In some embodiments these may be floating point values, whilst in
other embodiments they may be integer values. These integer values
may be unsigned or signed.
[0038] It will be appreciated from the above discussion that the
source matrices (i.e. the first matrix of data elements and the
second matrix of data elements) may take a variety of forms and
configurations, in particular with regards to the respective
dimensions of these matrices. Accordingly, in some embodiments the
first matrix of data elements and the second matrix of data
elements are square matrices. In other embodiments the first matrix
of data elements and the second matrix of data elements are
non-square rectangular matrices.
[0039] The use of a defined vector length in an apparatus, meaning
that a data processing vector register that stores multiple data
elements (together referred to herein as a "vector") can only hold
vectors for processing which do not exceed this length, will
naturally impose a constraint on the total size of the constituent
data elements of the vector, in that in total they cannot exceed
the total size of that vector length. Nevertheless as mentioned
above, the available vector length may vary from one apparatus to
another, and here again there is an advantage to having portable
software that can run on a variety of vector lengths.

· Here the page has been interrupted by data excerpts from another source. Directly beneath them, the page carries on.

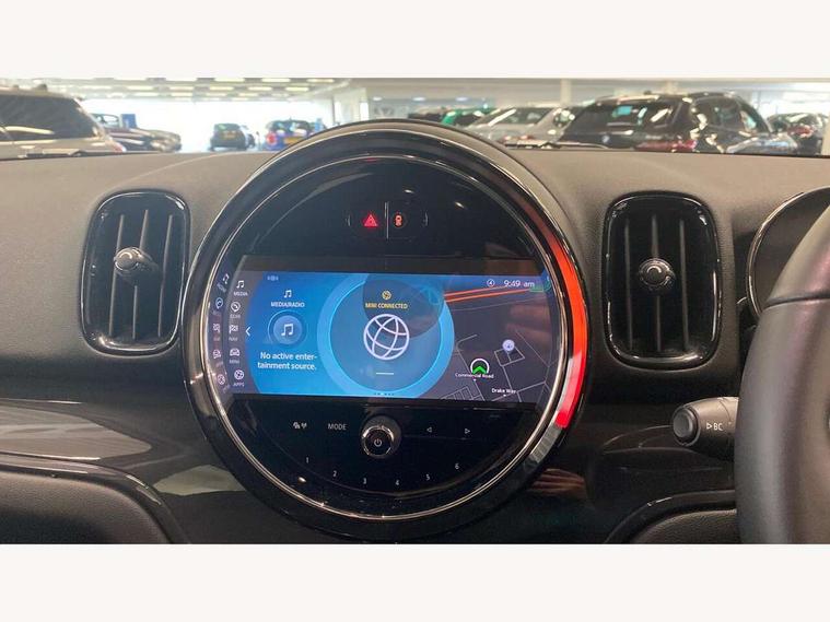 Active Guard incl speed limiting and lane departure functions with auto steering, and front collision warning with brake intervention, Automatic start/stop function with brake energy recuperation, Compatible mobile phone bluetooth with audio streaming, Cruise control with brake assist, Electro-mechanical speed dependant steering assistance, Instrument cluster, Mini E-call, On board computer, Rear parking distance control, 51 Litre fuel tank, Double Vanos system, Fully variable valve control, High precision injection, Performance Control, Steptronic transmission with double clutch, FM tuner and DAB digital radio, 3rd brake light, Body colour fuel filler cap, Day time driving lights, Door sill strips, Dynamic brake lights, Electric windows, Heated rear window, Heated windscreen washer jets, LED fog lights, LED Headlights, Left exhaust tailpipe with chrome finisher, Model logo, Model logo on Tailgate, Radiator grille, Rain sensor with auto headlights, Rear fog lights, Rear side wing doors, Rear window wiper, Side scuttle panel with integrated indicator, Split rear doors, Sun/heat protection glass, White indicator lenses, 12V socket in centre console, 3 seat bench in 2nd row, 3 spoke sport leather steering wheel + limiter function and audio controls, 360L luggage compartment capacity, 4 lashing eyes in luggage compartment, 40:20:40 split folding rear seats, Chrome interior highlights, Colour line - Carbon black, Cupholders, English handbook, Floor mats, Front headrests, Glove compartment, Headliner with grab handles and clothes hooks, Height and length steering column adjustment, Interior lighting with 12 basic colours selectable via toggle switch in roof, Isofix rear child seat preparation, Leather gearshift lever and handbrake gaiters, LED reading lights, vanity mirror lights, front foot well light and spotlight on front seats, Manual air conditioning, Mechanical seat adjustment, driver seat height adjust, forward/back and front seats backrest, Multifunction steering wheel, Passenger seat height adjuster, Rear headrests, Single front passenger seat, Storage compartments in doors, Sunvisors with vanity mirrors, Excitement pack - Countryman, Navigation pack - Countryman, 2 tone horn, 3 point seatbelts on all seats, 6 Airbags - front, side, head and seat belt tensioners, Anti-lock braking system (ABS), DSC - Dynamic Stability Control, Electronic handbrake, Front and rear disc brakes, Hill start assist, Manual rear child locks, Tyre pressure monitoring system, Alarm system with tilt sensor, monitoring doors, bonnet interior and tailgate, Auto drive away locking, Deadlocking function, Electronic vehicle immobiliser, Locking wheel bolts, Start/stop toggle with keyless go, Tool kit,
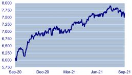 Equities markets rose strongly during the last twelve months, although the last three months saw the rate level off as fresh concerns arose over the spread of the Covid Delta strain. Additionally, there was pronounced weakness in China stocks over concerns of increasingly overt political involvement in capital markets. The long running sore of the financial troubled property developer Evergrande also came to a head, focussing attention on excesses in property and on banking troubles, periodic themes in China.
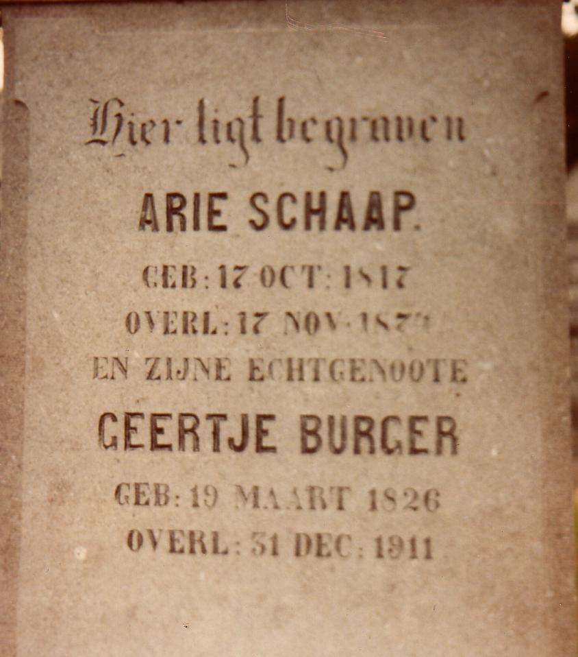 Below is the tomb stone in the Netherlands of the third child of Otto and Lysje, namely Arie Schaap; also Arie's oldest son's tomb stone.

[0040] In this context the present techniques contemplate
embodiments in which the apparatus may be configured by its user to
restrict a vector length that it handles. In other words, the
programmer of the apparatus can configure it so that it has a
maximum vector length permitted, and subsequent data processing
operations carried out in the apparatus must respect that imposed
maximum vector length. Accordingly, in some embodiments the decoder
circuitry is further responsive to a configuration instruction to
generate configuration control signals, wherein the configuration
instruction specifies a maximum vector length, and the data
processing circuitry is responsive to the configuration control
signals to constrain subsequent matrix multiply operations such
that a total size of the result data elements does not exceed the
maximum vector length. For example, in a situation in which the
apparatus has a "native" vector length of, say, 512 bits, this
configuration instruction would enable a software limit to be
applied to the data processing operations carried out by apparatus
according to which it might for example be limited to a maximum
vector length of 256 bits. Thus where a given piece of software
executing under this constraint expects 256-bit vectors, then the
mechanism of imposing a maximum vector length can also be used to
ensure that it will run on an apparatus that happens to have longer
vectors, whether this is, say, the 512-bit native vector length in
the example mentioned above or any other vector length longer than
the 256-bit imposed limit.
[0041] The imposition of this kind of software limit on the maximum
vector length may in turn constrain the subsequent matrix multiply
operations (to respect the maximum vector length) in a variety of
ways. For example, in some embodiments constraining the subsequent
matrix multiply operations comprises generation of the square
matrix of result data elements with a dimension for which a total
size of the result data elements does not exceed the maximum vector
length. Thus, for example where the "native" capacity of the
destination register is such that a 4.times.4 matrix of data
elements could be stored there (or, when not occupying its full
capacity, a 3.times.3 or 2.times.2 matrix of data elements of the
same size), the imposition of the software-defined maximum vector
length in this situation, where the 4.times.4 matrix of data
elements is then too large for the defined maximum vector length,
constrains the matrix multiply operations such that only the
2.times.2 or 3.times.3 square matrices of data elements can be
generated.
[0042] Alternatively or in addition, in other embodiments, such a
software-defined maximum vector length can result in the number of
square matrices of result data elements being restricted. It is
worth noting at this point therefore that whilst the present
techniques propose a matrix multiply operation which causes a
matrix multiply operation to be carried out which results in the
generation of a square matrix of result data elements, this does
not preclude the possibility of a further square matrix of result
data elements being generated in response to the matrix multiply
instruction. To take just one example, in the situation in which
the destination register has double the capacity of the size of the
result square matrix, matrix multiply operations in response to the
matrix multiply instruction may be implemented which generate two
square matrices in order to make full use of the storage capacity
of the destination register. However, further in the context of the
above-mentioned software-defined maximum vector length, this may
then constrain the number of square matrices which may be generated
in response to the matrix multiply instruction. In the light of the
above discussion it will be recognised that the total size of the
result elements may be less than a storage capacity of the
destination register.
[0043] In the context of embodiments in which the dimension of the
square matrix of result data elements is specified in the matrix
multiply instruction, this may correspond to the destination
register capacity directly and accordingly in such embodiments the
square matrix of result data elements having the dimension
specified in the matrix multiply instruction corresponds to a
storage capacity of the destination register.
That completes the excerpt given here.